“Ceux qui s'aiment aujourd'hui doivent mourir ensemble, s'ils veulent etre réunis. L'injustice sépare, la honte, la douleur, le mal qu'on fait aux autres, le crime séparent. Vivre est une torture puisque vivre sépare.”
“Non, mon père, dit-il., je me fais une autre idée de l'amour. Et je refuserai jusqu'à la mort d'aimer cette création où des enfants sont torturés.”

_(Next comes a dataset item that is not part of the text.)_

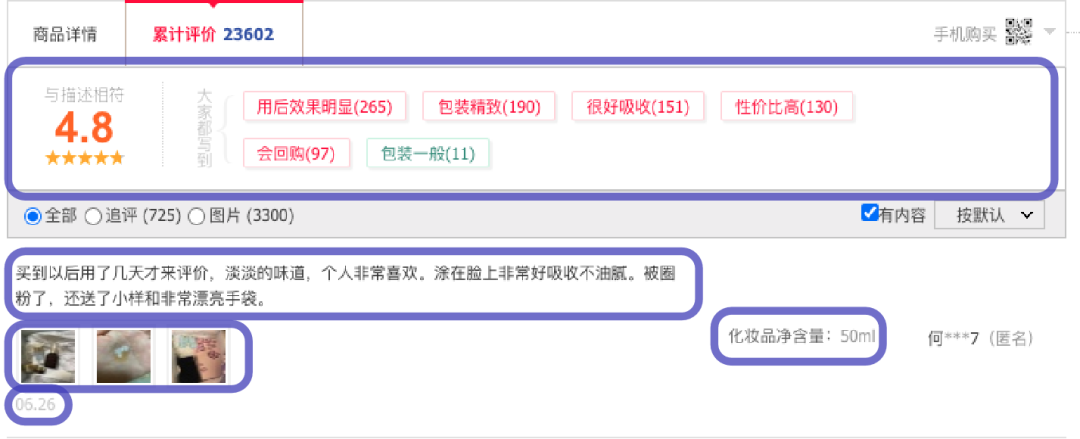 我们在竞品目标中找到Top销量的爆款产品,并采集了他们的电商评论,从用户反馈中挖掘爆款到底有哪些优点?用户都在夸赞它什么?
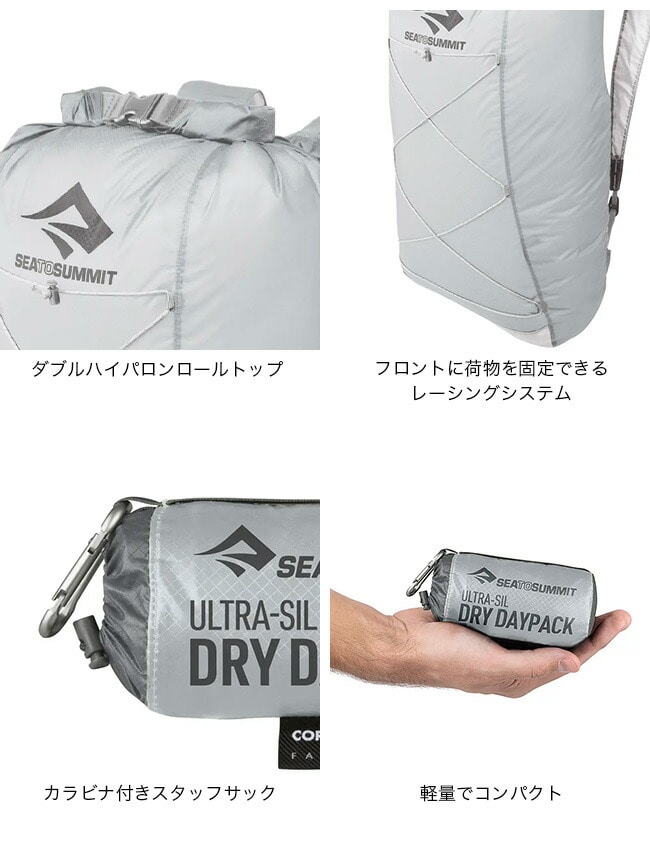 ユニークなダブルハイパロンロールトップは水の浸入を防ぎ、正面のレーシングシステムで荷物のばたつきを抑えます。

"Cette citation exprime une révolte métaphysique face à la souffrance innocente. Elle pose la question de la compatibilité entre l'amour et un monde où existe le mal absolu, particulièrement celui infligé aux enfants. Le locuteur refuse catégoriquement d'aimer une création qui tolère de telles atrocités, établissant une éthique de la compassion qui place la protection des innocents au-dessus de toute adhésion à l'existence telle qu'elle est. Cette position rappelle la rébellion prométhéenne ou le refus d'Ivan Karamazov dans 'Les Frères Karamazov' de Dostoïevski."
La citation explore le problème théologique du mal (théodicée) et l'éthique de la responsabilité face à la souffrance. Elle suggère que l'amour authentique ne peut être inconditionnel en présence d'injustice systémique. Philosophiquement, elle touche à l'existentialisme (création de ses propres valeurs), à l'athéisme moral (refus d'une création divine imparfaite) et à l'impératif catégorique kantien adapté à la protection des vulnérables.
Cette citation reste profondément pertinente face aux guerres contemporaines, aux violences faites aux enfants, et aux crises humanitaires. Elle résonne avec les mouvements pour les droits de l'enfant, les débats sur l'action climatique (justice intergénérationnelle), et les questionnements éthiques face aux inégalités systémiques. À l'ère de l'information où les souffrances sont immédiatement visibles, ce refus d'aimer une création imparfaite trouve un écho dans les positionnements activistes et les philosophies de l'engagement.
Je ne puis aimer un monde qui permet la souffrance des innocents, Mon concept de l'amour exclut l'acceptation d'une création cruelle, Jusqu'à mon dernier souffle, je refuserai de bénir une existence qui torture les enfants, L'amour véritable ne peut coexister avec la tolérance de telles atrocités
“Ceux qui s'aiment aujourd'hui doivent mourir ensemble, s'ils veulent etre réunis. L'injustice sépare, la honte, la douleur, le mal qu'on fait aux autres, le crime séparent. Vivre est une torture puisque vivre sépare.”
“Il y a dans l'acte d'amour une grande ressemblance avec la torture ou avec une opération chirurgicale.”
“La torture et le meurtre sont des actes ignobles qui sapent la dignité humaine.”
“La torture est un crime contre l'humanité et n'a pas sa place dans une société civilisée.”
“La torture est une pratique cruelle et inhumaine qui ne peut pas être tolérée.”
“Aujourd'hui, maman est morte. Ou peut-être hier, je ne sais pas. J'ai reçu un télégramme de l'asile : " Mère décédée. Enterrement demain. Sentiments distingués. " Cela ne veut rien dire. C'était peut-être hier.”
“La tristesse est un sentiment qui nous permet de nous souvenir des bonnes choses que nous avons perdues.”
“Il y a dans chaque cœur un coin de solitude où personne ne peut atteindre.”
“Tout refus de communiquer est une tentative de communication ; tout geste d'indifférence ou d'hostilité est appel déguisé.”
“La vérité est à construire, comme l'amour, comme l'intelligence. C'est ce parti qu'il faut tenir à l'heure où nous étouffons sous le mensonge, où nous sommes acculés contre le mur. Il faut le tenir avec tranquillité, mais irréductiblement, et les portes s'ouvriront.”